Microsoft buys chip company Canesta

Microsoft is acquiring Canesta, a company that has developed chips that allow natural user interactions with machines, furthering Microsoft’s goal of creating more natural user interfaces.

Based in Sunnyvale, California, Canesta makes chips and software that let electronic devices respond to user movements. The concept sounds similar to that which Microsoft incorporated into Kinect, the Xbox add-on that will let users control games with their bodies.

Canesta did not disclose the terms of the deal.
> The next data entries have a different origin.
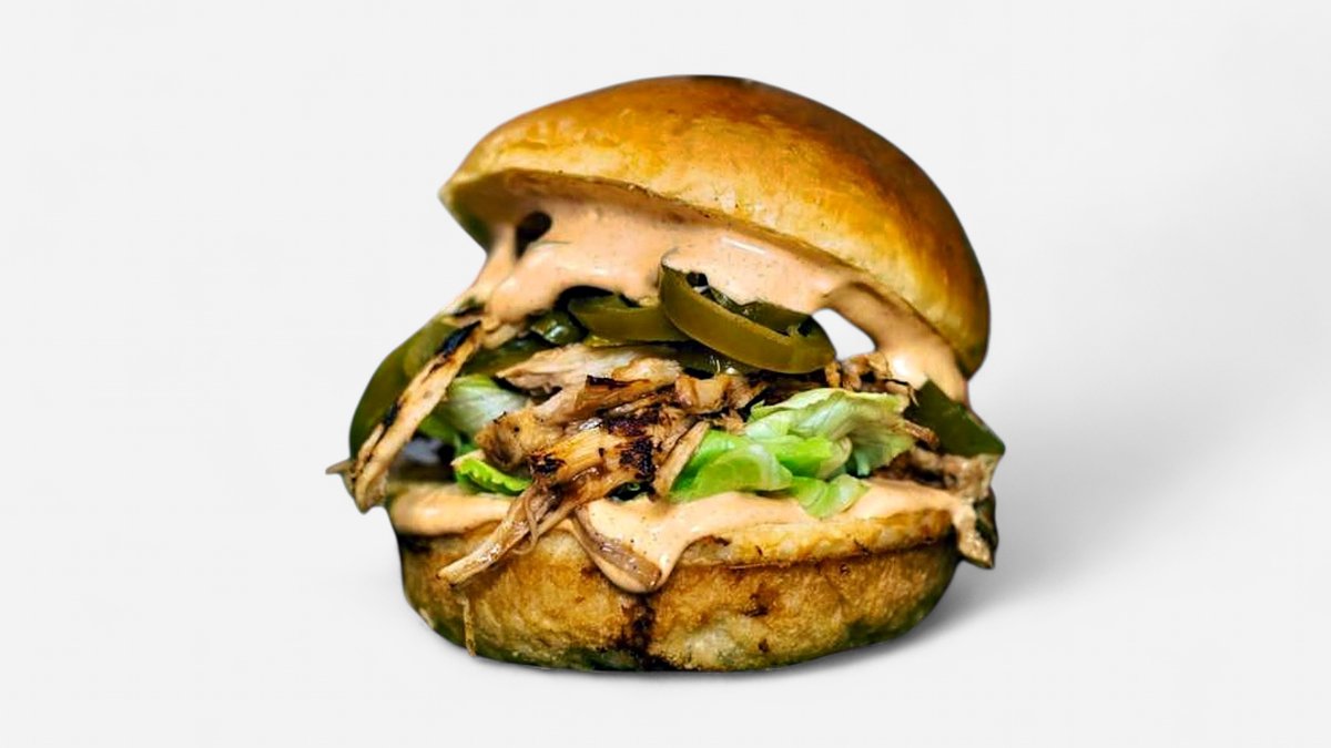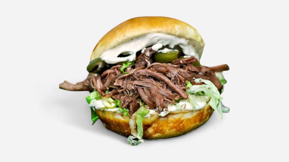 брйош хлебче, бавно печено дърпано телешко месо, халапеньос, айоли сос (айоли сосът е по специялна наша рецепта), много лека майонеза с аромат на печен чесън, страхотна 350г
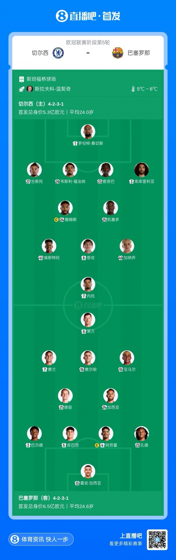 11月26日讯 凌晨04:00,欧冠联赛阶段第5轮,切尔西主场迎战巴塞罗那,赛前首发名单公布。【切尔西方面,内托、埃斯特旺、加纳乔构成锋线组合;巴萨方面,费兰、莱万、亚马尔先发,拉什福德和拉菲尼亚替补。】
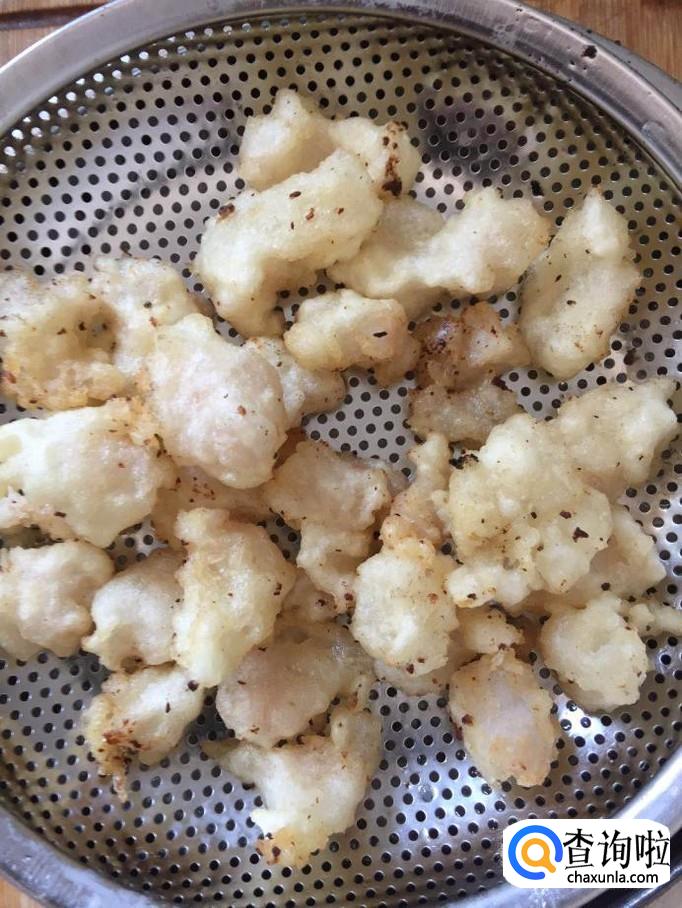 接着往锅中加入适量的食用油,待油温加热到七分热,倒入龙利鱼炸五分钟,捞出控油,如下图所示。
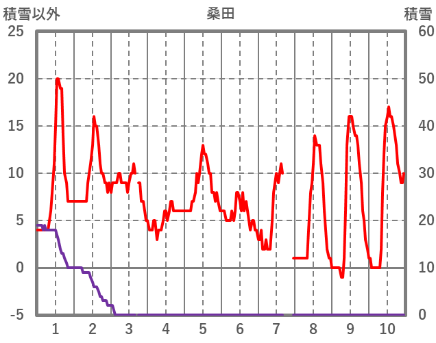 | 日 | 時 | 気温 | 降水 | 風向/風速 | 日照 | 積雪 | 降雪 |
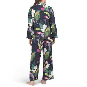 printed pattern, lightweight and breathable, 2 piece set includes 1 pajama top and 1 pair of pajama pants, pajama top: long sleeve, notch collar, side vents, pajama pants: drawstring waistband, elastic back waistband
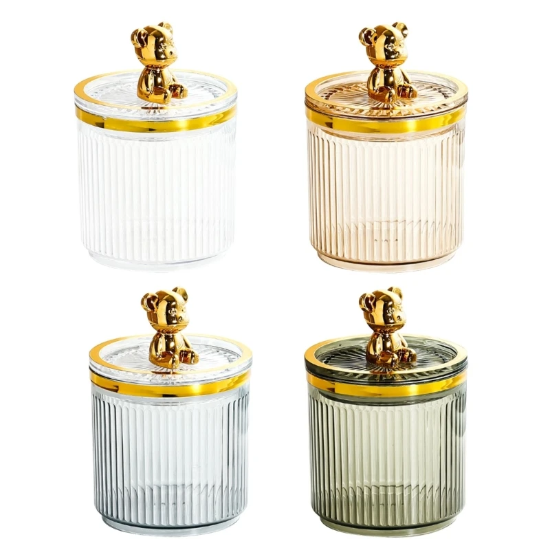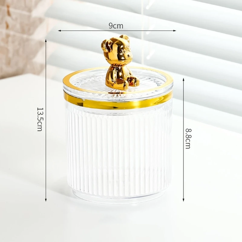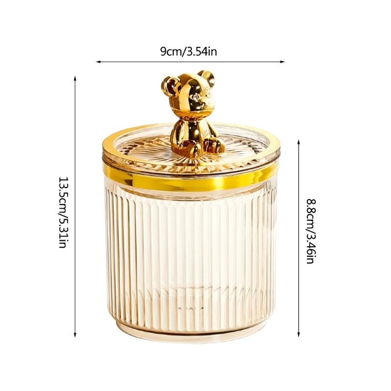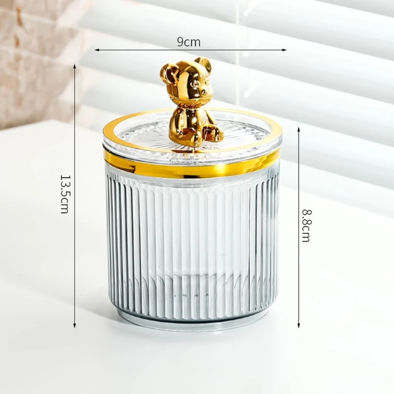 Cotton swab storage box, vertical pattern striped design, luxury and fashionable, exquisite bear decoration on the bottle lid, very beautiful and luxurious.
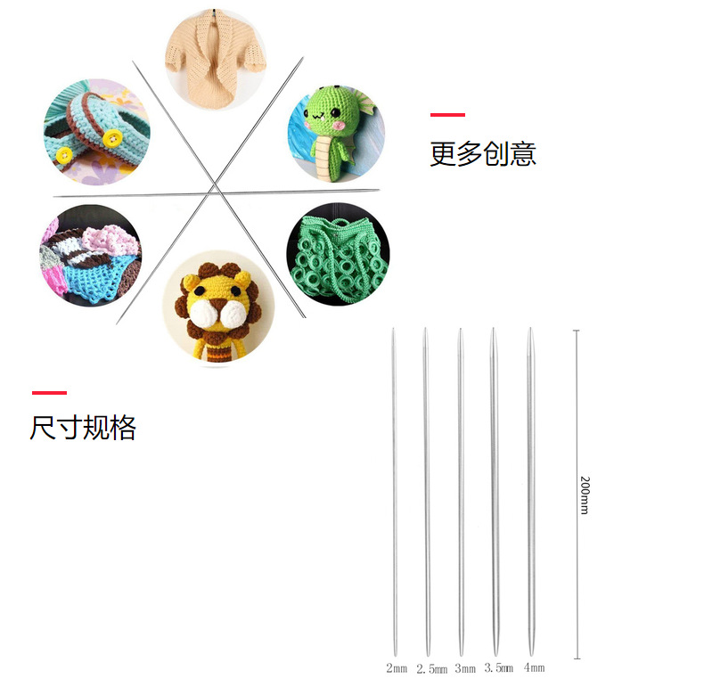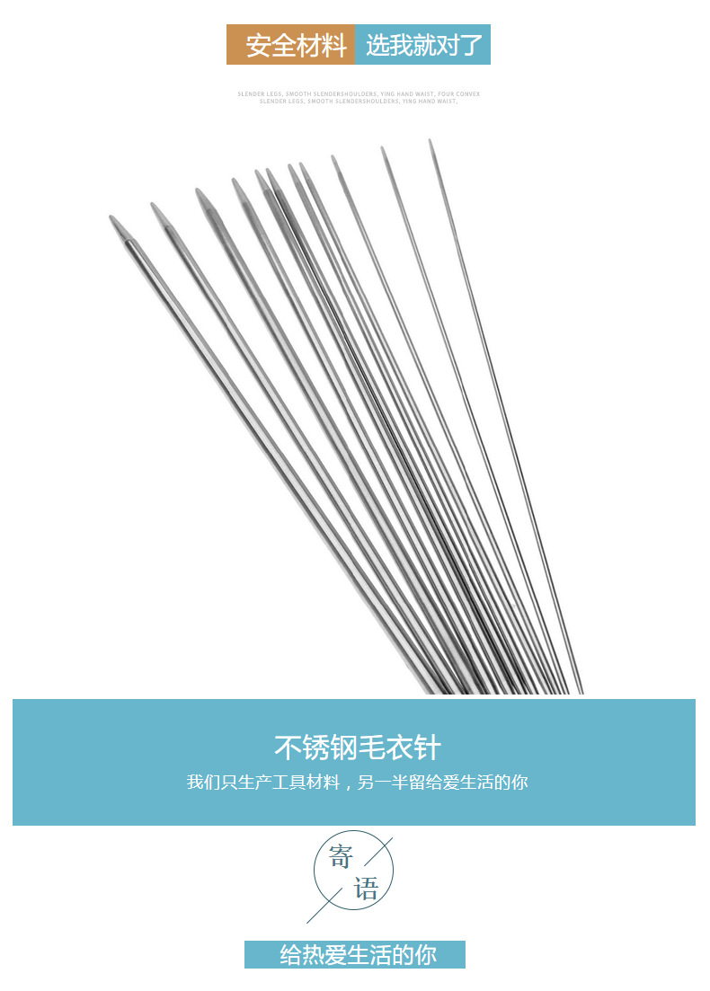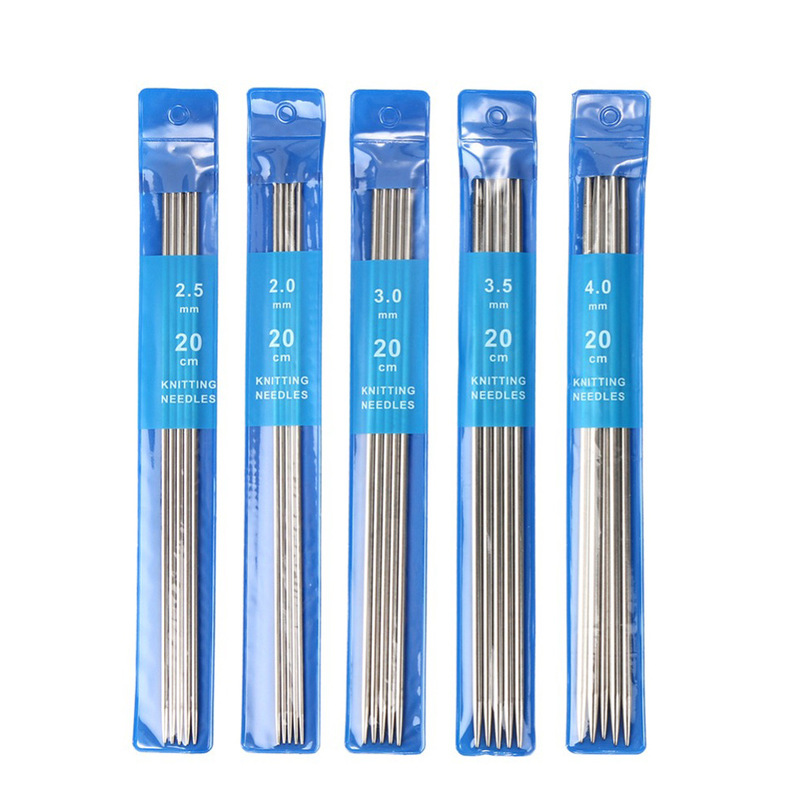 Aguja de suéter de acero inoxidable aguja de suéter de 20cm aguja de tejer de doble punta aguja recta traje de tejer herramientas en stock al por mayor

It expects the acquisition to close before the end of the year.

As part of the deal, Microsoft will get Canesta’s products, technology, intellectual property, customer contracts and other resources, Canesta said.

Canesta has 44 patents and more pending, it said. The first application of its technology is a projection keyboard that can be used with mobile devices. Canesta licensed the technology to a company called Celluon, which plans to sell products embedded with the technology to device manufacturers.

According to the company’s website, Hitachi and Honda are among Canesta’s customers.

Canesta’s president and CEO, James Spare, formerly served as business development director for Microsoft’s TV platform group.

Microsoft has been promoting the idea of natural user interfaces for years, since before founder Bill Gates, who spoke of the concept often, stepped down from his leadership position at the company. Just two weeks ago, Microsoft CEO Steve Ballmer named natural user interface as one of the next big revolutions to come in technology. He said so in response to a question from a computer science student at the University of Washington during a talk there on Oct. 15.

While using a mouse to direct a PC once seemed natural, it doesn’t seem so now, he said at the time. A more natural way to interact with machines would be to speak to them or gesture, like Kinect allows, he said.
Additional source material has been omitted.